Task item:
Find the line with "the drop-down menus." in the entries below, then reproduce it and every line after it down to and including the line with "Coach brown/black leather", exactly.

Given entries:
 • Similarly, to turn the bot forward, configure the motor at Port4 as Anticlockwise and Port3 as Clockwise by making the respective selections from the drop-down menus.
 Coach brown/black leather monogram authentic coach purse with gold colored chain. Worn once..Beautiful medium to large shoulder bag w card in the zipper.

...

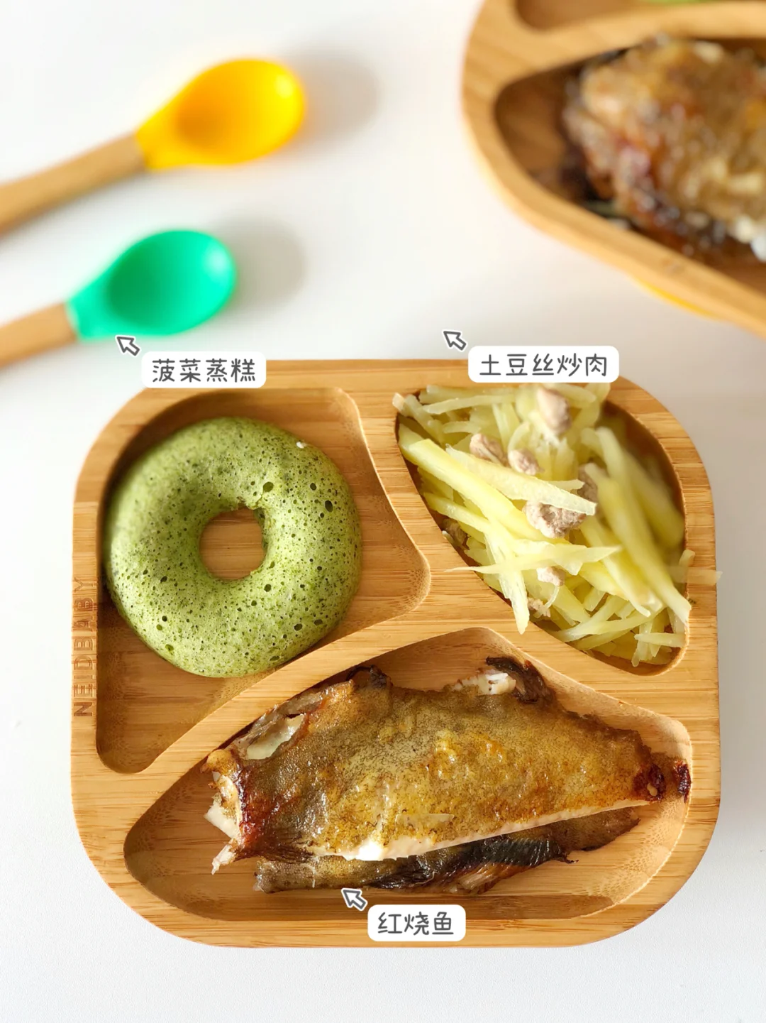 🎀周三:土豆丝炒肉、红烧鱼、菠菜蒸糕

--

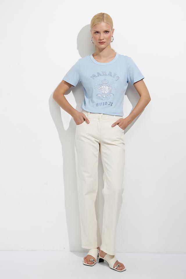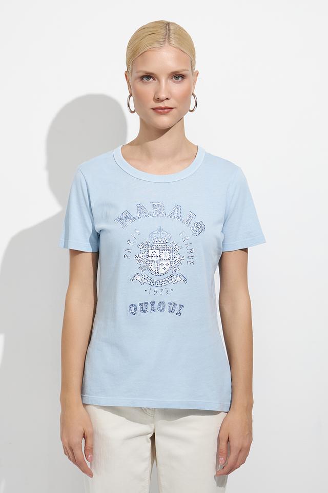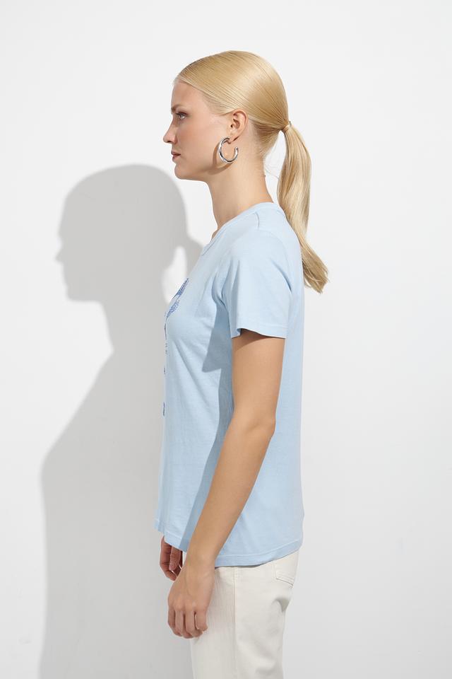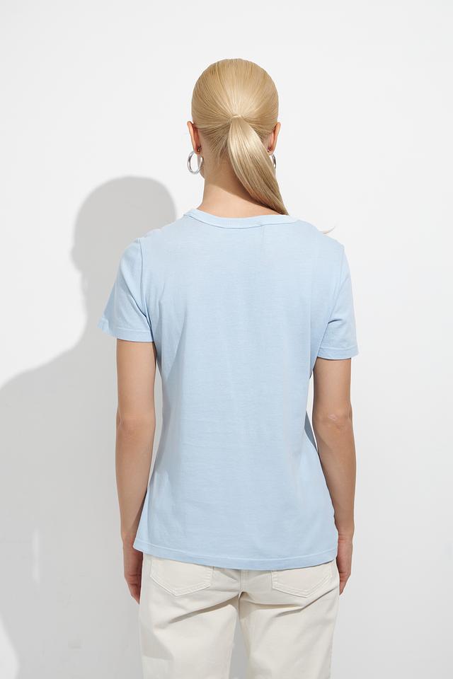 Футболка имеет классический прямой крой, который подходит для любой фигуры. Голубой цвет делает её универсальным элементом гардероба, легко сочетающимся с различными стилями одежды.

Your solution:
 • Similarly, to turn the bot forward, configure the motor at Port4 as Anticlockwise and Port3 as Clockwise by making the respective selections from the drop-down menus.
 Coach brown/black leather monogram authentic coach purse with gold colored chain. Worn once..Beautiful medium to large shoulder bag w card in the zipper.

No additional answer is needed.